All submissions of the EM system will be redirected to Online Manuscript Submission System. Authors are requested to submit articles directly to Online Manuscript Submission System of respective journal.

Survey on News Recommendation

Mansi Sood1, Harmeet Kaur2
  1. Department of Computer Science, Shyama Prasad Mukherji College, University of Delhi, Delhi, India
  2. Department of Computer Science, Hans Raj College, University of Delhi, Delhi, India
Related article at Pubmed, Scholar Google

Visit for more related articles at International Journal of Advanced Research in Electrical, Electronics and Instrumentation Engineering

Abstract

Recommender Systems have evolved as an answer to information overload problem prevalent with online users, looking for relevant information out of a huge premise of content available online. Such systems are used to provide recommendations to the users guiding them towards items that match their interest areas and choice. News Recommendation is a specific research area under recommender systems where these systems are used to suggest news articles to the users that match their reading interests and personal preferences. However, news recommendation differs from traditional recommendation needs and concerns in many aspects. This paper surveys many such systems built over past few years, and tries to present the special challenges associated with news recommendation over the traditional model of recommendation. It also explores recommendation techniques that can be used to generate news recommendations for the users.

Keywords

News Recommendation, User Profile, Personalization, Preference, Content based Filtering, Collaborative Filtering, News Categories.

INTRODUCTION

Due to tremendous and ever increasing growth of information sources available online, the World Wide Web is witnessing a rising demand of intelligent systems that can guide users to find relevant information for themselves. The challenge is to find the right content, something that will satisfy the current information needs or will match up their interest area and preferences. Search engines can help to resolve this problem to an extent, particularly if users are looking for some specific data that can be formulated as a formal query. However, in many cases, users may not even know what to look for. Often this is the case with items like news, movies etc. where users are browsing for things that might match up their interest areas. In such cases, it is better to present recommendations to users based on their interests as demonstrated by them implicitly or explicitly [1].
Recommender systems have evolved as an answer to above concerns by suggesting recommendations to the users for content suited to their needs [2]. They can be defined as systems that produce recommendations as output or has the effect of pruning large information spaces so that users are directed toward items that best meet their needs and preferences [3]. Such systems have a rising demand in an environment where the amount of online information outshines any individual’s capability to survey it [4]. It is the criteria of personalized, interesting and preferred that separates the recommender systems from information retrieval systems or search engines [5]. The purpose of search engines is just to match the user query with the available items, information content etc and return the matching content ranked by the degree of match.

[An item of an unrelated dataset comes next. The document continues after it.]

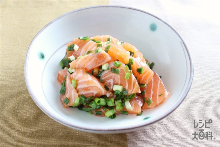 ごま油で絶品!『サーモンの塩ユッケ』のレシピ。
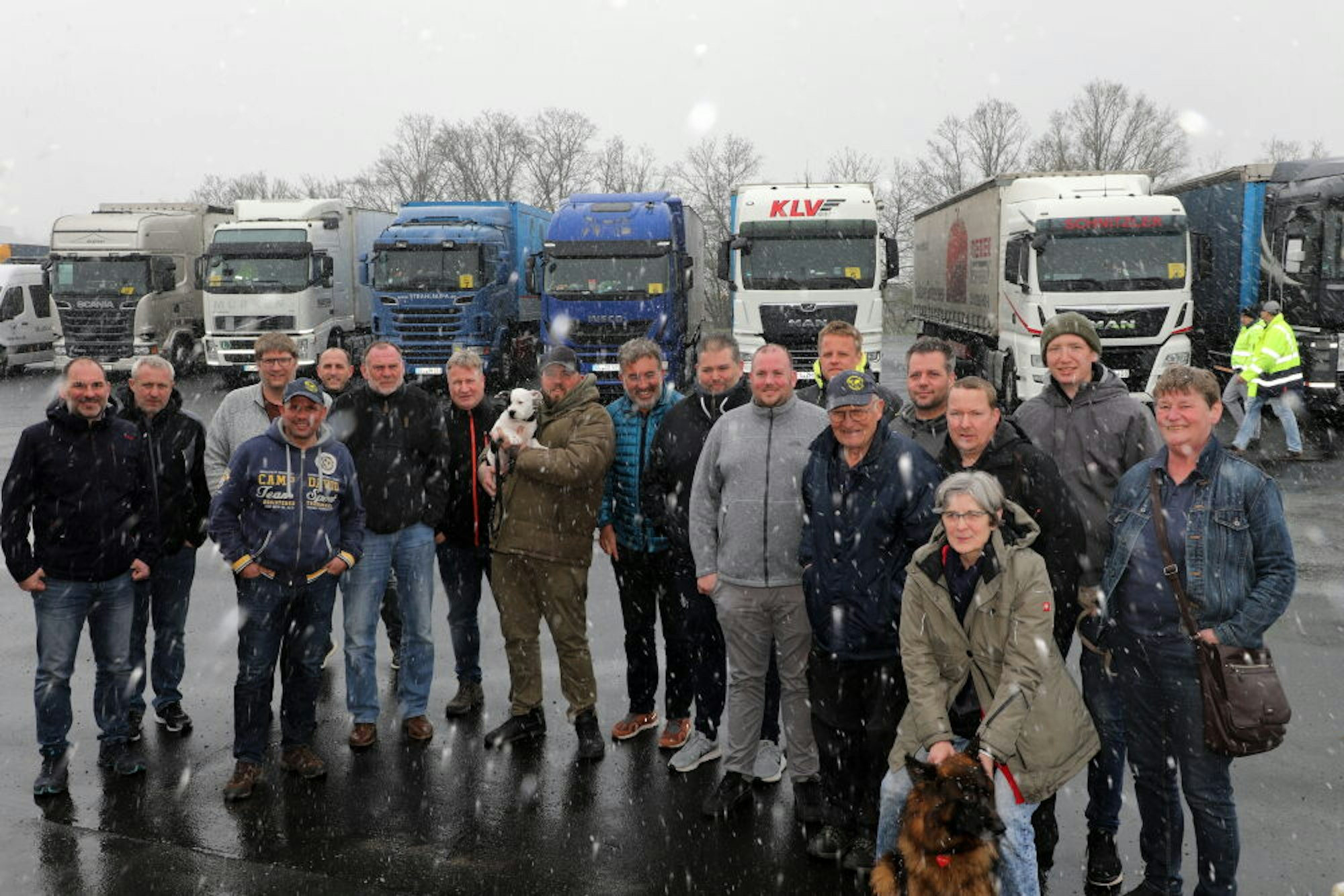 Das Team der Hilfskonvoi-Fahrerinnen und -Fahrer auf der Rückfahrt im Schnee.

Recommender systems are now an integral part of many e-commerce websites such as Amazon.com [1, 6]. A variety of approaches have been proposed for devising recommendations for users, like contentbased, collaborative, knowledge-based etc. However, all of the known techniques have strengths and weaknesses [7, 8], and many researchers have chosen to combine these techniques in different ways leading to a hybrid method [9, 10] combining benefits of two approaches [11].
A typical area where recommender systems are gaining a lot of importance is the news industry, where news access patterns are changing and getting modernized with the advancements in technology and the ease to browse World Wide Web. Many news sources and agencies have introduced online news access portals which users can access anytime, anywhere to browse through latest news updates. This helps them to stay updated about the latest developments around them without any time delay. However, challenge remains the same or even gets bigger than the other domains i.e. to find the right and relevant content. Browsing these online news sources, users are looking for interesting, latest news amongst a huge number of articles available, something that matches their reading interests and can keep them busy. To attract a good amount of users to their websites, online news sources are increasingly employing recommender systems to improve user experience on their sites. Recommender systems are required to identify individual preferences and reading interest areas of users to present personalized tailored updates to them [12, 13].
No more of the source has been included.